Janelle pulled the cake out and was setting it back on the table when she let slip that she was supposed to be at community service otherwise they’ll put a warrant out for her arrest.


‘Chill, mum. Eat some cake. Kruize: cover your ears.’


Janelle didn’t slap her, walk out or reach for her lighter and a little stick of joy. She just laughed, wrapped her fingers around the handle of the steak knife and tapped it against her palm.

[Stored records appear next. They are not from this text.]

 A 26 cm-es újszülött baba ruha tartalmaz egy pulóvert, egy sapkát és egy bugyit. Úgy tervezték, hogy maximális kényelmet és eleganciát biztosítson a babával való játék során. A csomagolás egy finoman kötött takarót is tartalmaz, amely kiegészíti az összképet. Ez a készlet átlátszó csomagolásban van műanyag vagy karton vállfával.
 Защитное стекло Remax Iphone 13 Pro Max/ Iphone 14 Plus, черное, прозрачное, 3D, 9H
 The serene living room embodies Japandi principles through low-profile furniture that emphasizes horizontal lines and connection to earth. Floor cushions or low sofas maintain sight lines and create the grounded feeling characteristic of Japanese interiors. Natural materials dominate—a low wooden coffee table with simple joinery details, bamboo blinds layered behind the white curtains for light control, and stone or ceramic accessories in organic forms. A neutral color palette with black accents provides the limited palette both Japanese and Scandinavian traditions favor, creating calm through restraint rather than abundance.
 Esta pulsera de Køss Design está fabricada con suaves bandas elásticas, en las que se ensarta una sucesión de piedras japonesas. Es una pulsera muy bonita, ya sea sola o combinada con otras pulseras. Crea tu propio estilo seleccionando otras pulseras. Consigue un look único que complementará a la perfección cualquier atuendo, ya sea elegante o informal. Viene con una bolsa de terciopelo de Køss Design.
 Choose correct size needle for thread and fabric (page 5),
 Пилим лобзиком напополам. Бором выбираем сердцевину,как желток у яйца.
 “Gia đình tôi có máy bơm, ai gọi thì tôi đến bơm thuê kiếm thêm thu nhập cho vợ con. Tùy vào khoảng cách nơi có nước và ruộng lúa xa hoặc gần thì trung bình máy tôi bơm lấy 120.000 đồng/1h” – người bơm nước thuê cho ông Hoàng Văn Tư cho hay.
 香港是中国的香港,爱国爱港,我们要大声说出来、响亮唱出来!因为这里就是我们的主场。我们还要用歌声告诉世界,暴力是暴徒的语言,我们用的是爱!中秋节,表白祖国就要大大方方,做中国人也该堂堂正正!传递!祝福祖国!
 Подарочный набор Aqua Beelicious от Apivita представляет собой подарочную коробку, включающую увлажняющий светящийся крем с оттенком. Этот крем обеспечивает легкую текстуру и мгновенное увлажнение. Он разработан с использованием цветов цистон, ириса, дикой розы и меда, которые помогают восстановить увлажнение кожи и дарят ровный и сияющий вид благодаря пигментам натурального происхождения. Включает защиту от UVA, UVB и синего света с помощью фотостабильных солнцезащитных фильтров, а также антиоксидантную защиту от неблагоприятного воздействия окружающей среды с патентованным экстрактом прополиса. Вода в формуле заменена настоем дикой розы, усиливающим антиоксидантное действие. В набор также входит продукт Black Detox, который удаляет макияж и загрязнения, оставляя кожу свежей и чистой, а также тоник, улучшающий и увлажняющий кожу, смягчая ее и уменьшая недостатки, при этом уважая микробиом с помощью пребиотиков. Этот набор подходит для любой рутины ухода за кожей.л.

‘Mumz, today is not Monday anymore, today’s not even Fuckup Day: today’s my daughter’s birthday. That’s all I’m gonna let it be. Now unless you want me clean up the one remaining problem in my life I suggest you sit down and shut the fuck up. Kruize: cover your eyes.’

‘Wh – what are you fixing to do with that, that knife?’

Janelle slammed the knife down then pushed it across the table and leaned back. ‘Hurry up and cut us a slice of cake already, Mumsy. Fuck’s sake.’

While Mumsy cut the cake with wobbling hands and Kruizer stood on her chair so she could rest her elbows in front of the cake, Janelle reached on top of the highest shelf, took the milk bottle full of orange liquid, opened the lid.

‘Janelle, I’m… JANELLE. DON’T. DON’T YOU DARE. Is that – is that gas? Don’t! DON’T!’


She pushed the bottle hard into her mum’s arms. ‘PUT IT IN YOUR CAR. SAVE IT.’

Mumsy pushed back from the table and Janelle reached into the back pocket of her shorts and pulled a lighter forth.


Janelle flared the lighter. She reached into her other pocket, pulled a tiny package out and pressed it onto the table. ‘Ain’t you never seen candles before? Jesus, Mum.’